Fathers are also complicateɗ or just enjoy complicating stuff for example they are the only people deep in this century when we speak of SDGs and not MDGs who still measure distances in miles and yards.
Back to our man, the doctor had advised him against hard labour, smoking and restricted his diet. It was impossible to end that; he would strive on and take his troubles to the grave. Two weeks had gone by after he was diagnosed with acute stomach ulcers thus the pyrosis. Sometimes he could taste blood in his mouth. Antacid tablets could no longer work like before, he was going down hard. As a father though, he had to be strong for his family. He vowed not to even wince or show any signs of desperation before his emancipation, if he was going down, he would do so fighting.
The phone buzzed in his pocket and gave him chills. Of late most of his phone calls were bad omens. The quarry owner could call and make a fuse over his diminishing efficiency, the doctor would remind him of his long due appointment for an MRI scan. He fished it out anyway; it was his son, the rogue son.
“How is home?”
Destitute. Breaking down. Your siblings are home because the headmaster could no longer have them in school.
“Everything is fine son. How are your studies?”
“Dad, I am doing well. The last transcript says I could make first class just like the former one.”
“Keep trying. Did you get the money?”
“I did but it wasn’t enough for rent and the laptop repair. I needed twenty five hundred for all, my savings were one thousand so i needed you to support me with one five.”

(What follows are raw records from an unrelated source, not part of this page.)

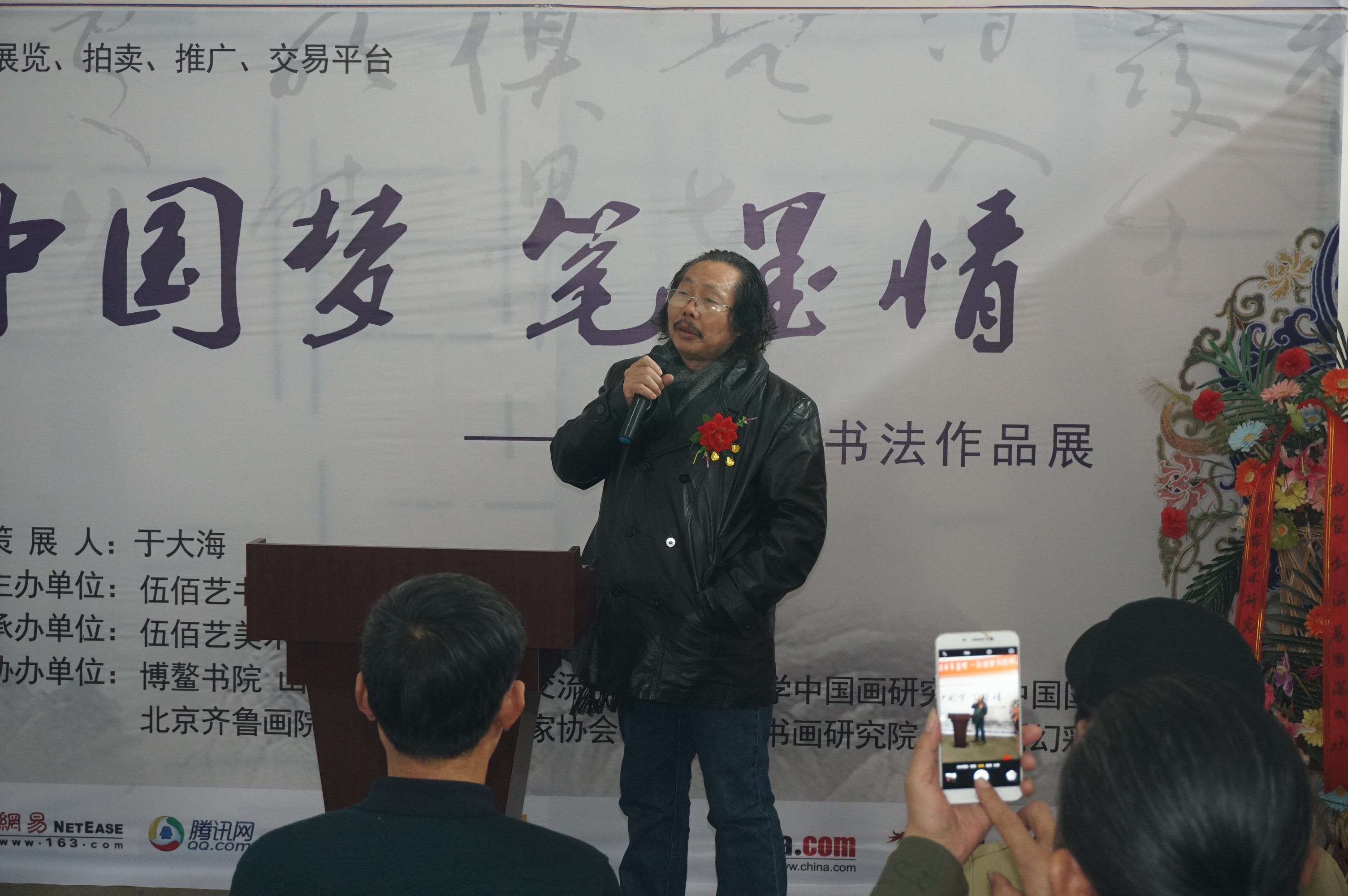活动上,伍佰艺美术馆馆长于大海代表伍佰艺书画网和伍佰艺美术馆对参加书法展的嘉宾表示热烈的欢迎,他表示,伍佰艺美术馆为艺术家进行宣传、推广、展览、作品销售提供一个良好的服务平台,努力为文化大发展、大繁荣作出贡献,并祝本次书法展取得圆满成功。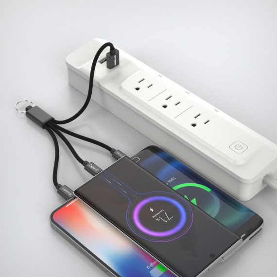 Stay powered up wherever you go with this compact and durable 3-in-1 Keychain Charging Cable. Built with a strong braided design for long life under heavy use, this versatile cable is designed to keep all your devices charged and ready. Featuring USB-A to Lightning, USB-C (Type-C), and Micro USB connectors, it eliminates the need for carrying multiple cables.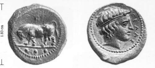 Calciati 15 2.85 g Numismatica Ars Classica AG, Auction 18 (2000) no. 88 Jenkins 530 C 7-10 bull l. Group I hair loose C 12, 14-15 bull l. Group II diadem C 12, 14-15 C 15 C 17-20, 23-25, 36-39 bull r. Group III hair floating C 37 C 28, 30-32, 34, 35 bull l. C 40-43, 45-52 bull r. Group IV long smooth wavy hair C 44 bull l. C 53-54 bull l. Group V barbarous imitations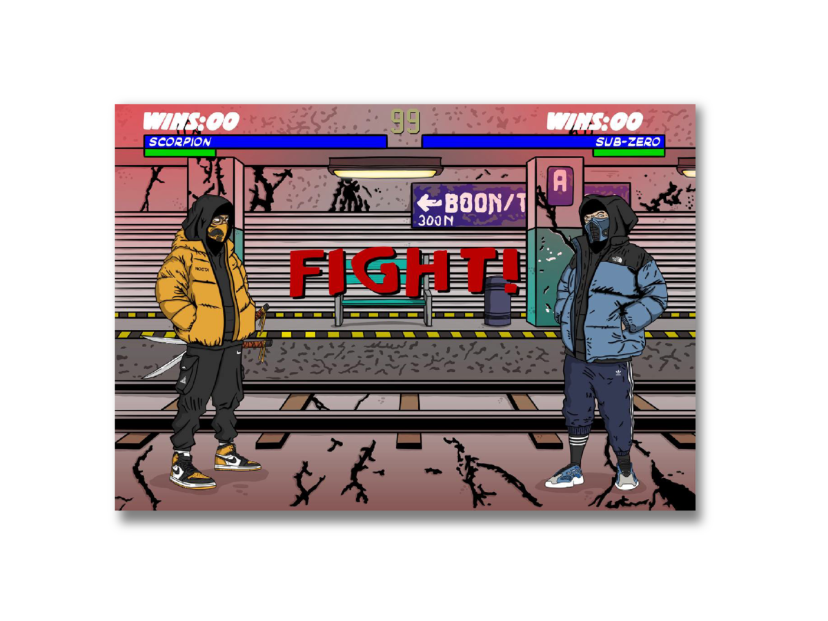 Персонажи будут выглядеть так, словно они вышли из модного журнала: Саб-Зиро и Скорпион одеты в кроссовки Jordan 1 HIGH и Adidas Yeezy 700, брюки карго и сверху куртки TNF и NOCTA. Персонажи не только отлично выглядят, но и выбранное для них место действия является данью уважения игре Mortal Kombat Ultimate, вышедшей на консоли Sega.

They had had that conversation.
“Look son, things are pretty difficult here. First pay the rent and let’s handle the laptop issue mid-month. Is that okay?”
“I will try to see what I can do. Good night.”
He stood up, shuffled towards the house in short weary steps as if the weight of his problems balanced on his shoulders. He felt bile rise and the now often iron taste in his mouth. His wife was through with the cooking, potatoes and sukumawiki alone for supper. One plus though, she always wore a smile, even when things were pretty hot and was solely the reason the family was still intact. She served him a generous plate of food with a smile.
“Soon we will be gone, but they will lead a life better than ours,” she said and winced and hoped the lump in her breast would pause long enough to let the smaller ones finish secondary school.